Saturday, June 04, 2016

The Consumer Is In Good Financial Shape

With the weak nonfarm payroll report on Friday, heightened concern arose about the pace of economic growth or lack thereof. Pundits and market indicators believe a Fed rate increase in June is off the table. A weak payroll report is an indicator of a weakening economy and certainly the trend in nonfarm payrolls has been a declining one. This declining trend has been in place over several months, +233,000 in February, +186,000 in March, +123,000 in April and +38,000 in May. Determining what this means as investors look ahead for the balance of the year is important. I believe Scott Grannis provides good insight on Friday's report and implications for the months ahead in his post, No Improvement in the Jobs Market.

The weak payroll report comes on the back of some weakness in the manufacturing data. For example, in late May the Durable Goods report saw core capital goods orders decline a .8%. However, there are some bright spots in a few of the manufacturing reports. For example, Econoday noted, "There are...solid points of strength in the report including 0.6 percent gains for both total shipments and total unfilled orders. The gain for unfilled orders is the largest since July 2014. Another plus is a 0.2 percent decline in inventories which pulls down the inventory-to-shipments ratio to a leaner 1.65 from 1.67. A graph of the unfilled orders chart is below. A small positive is the fact unfilled orders have increased in three of the last four months.

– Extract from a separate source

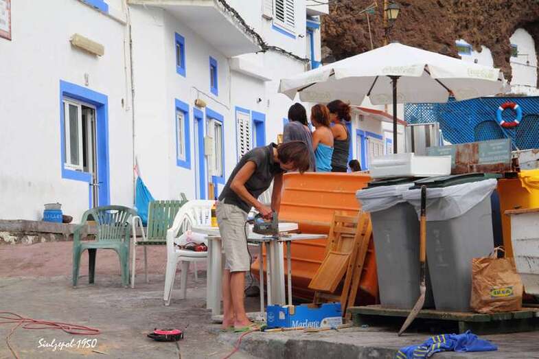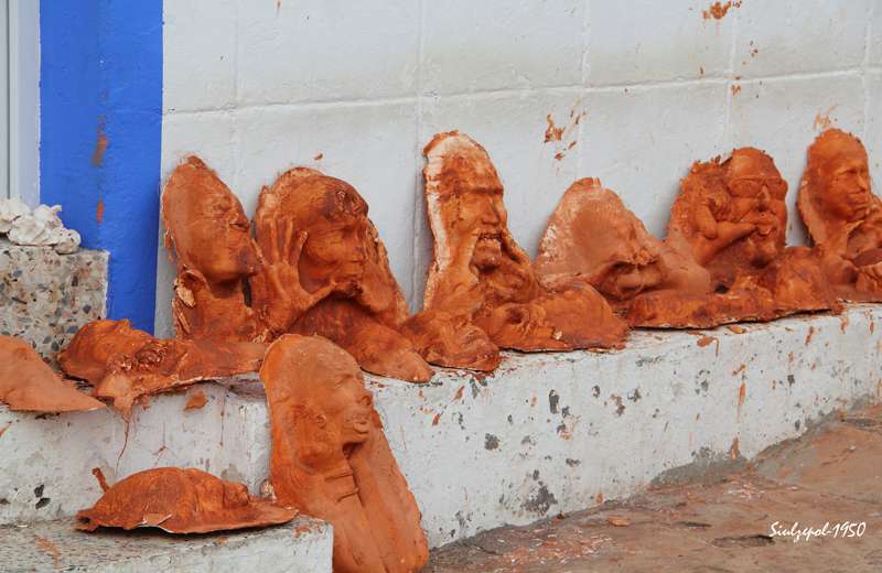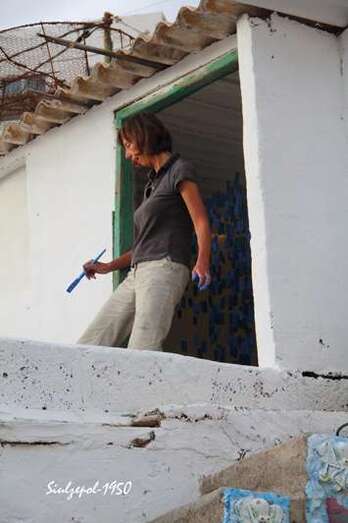 Luego visitamos en la misma playa la obra que realizaba el holandés Arno Arts y desde allí contemplamos la ejecución de la obra del polaco Jarek Lustych, quien además a realizado un taller de grabación en vacío con arcilla y otros productos, de unas caretas cuyos modelos son los propios vecinos del barrio. A continuación, visitamos la obra de la alemana Susanne Ruoff.

The consumer accounts for about 70% of economic activity (GDP) and their health is critical to economic activity. In this regard, there are many positives with consumers overall.
  • University of Michigan Consumer Sentiment: The May sentiment survey showed an increase of 5.7 points compared to the April report. The May report noted, "consumers became more optimistic about their financial prospects and anticipated a somewhat lower inflation rate in the years ahead. Positive views toward vehicle and home sales also posted gains in May largely due to low interest rates."
  • Retail Sales: The positive consumer sentiment report also carries over into retail sales. The favorable report was spread across many of the categories, autos up 3.2%, non-store retailers (e-commerce) up 2.% for the month and up 10.2% versus April last year. Overall for April, retail sales were up 1.3% and up 3.0% on a year over year basis. The next retail sales report comes in about ten days. This growth in retail sales is evident in the below chart. A cautionary observation is the rise in both the retail inventory to sales ratio and the manufactures inventory to sales ratio. On the positive side, the above noted durable goods report indicated inventory of manufactured durable goods is down in nine of the last ten months which has pulled down the inventory to shipments ratio.

A final question revolves around how are consumers financing this spending. Clearly, the below chart shows borrowing has been an important source of funds.

This increase in consumer credit outstanding certainly raises the question of the ability of these consumers to repay their debts. Positively, debt payments as a percentage of disposable income remain at levels seen in the early 1980s and down from the 2004 high of 13.2%.

Manufacturing sector growth has slowed to a snails pace as well. In our view this has become the norm in this subpar GDP growth economy. As the below chart shows, the Composite PMI is near contraction, not unlike the economy has experienced a number of times since the end of the financial crisis.

Source: TalkMarkets

In summary, Friday's payroll report probably puts the Fed on hold for a rate increase this month. Reading the Grannis article mentioned in the opening paragraph places Friday's report in proper perspective. Data suggests the consumer is on pretty sound footing and they are responsible for more than two thirds of economic activity. Given the consumer is a fairly good shape, we believe this factor provides support for continued economic growth, albeit subpar growth. On top of all of this is the fact consumers, businesses and investors will continue to face election year rhetoric that most likely leads to continued market volatility. However, a recession does not seem in the cards at the moment.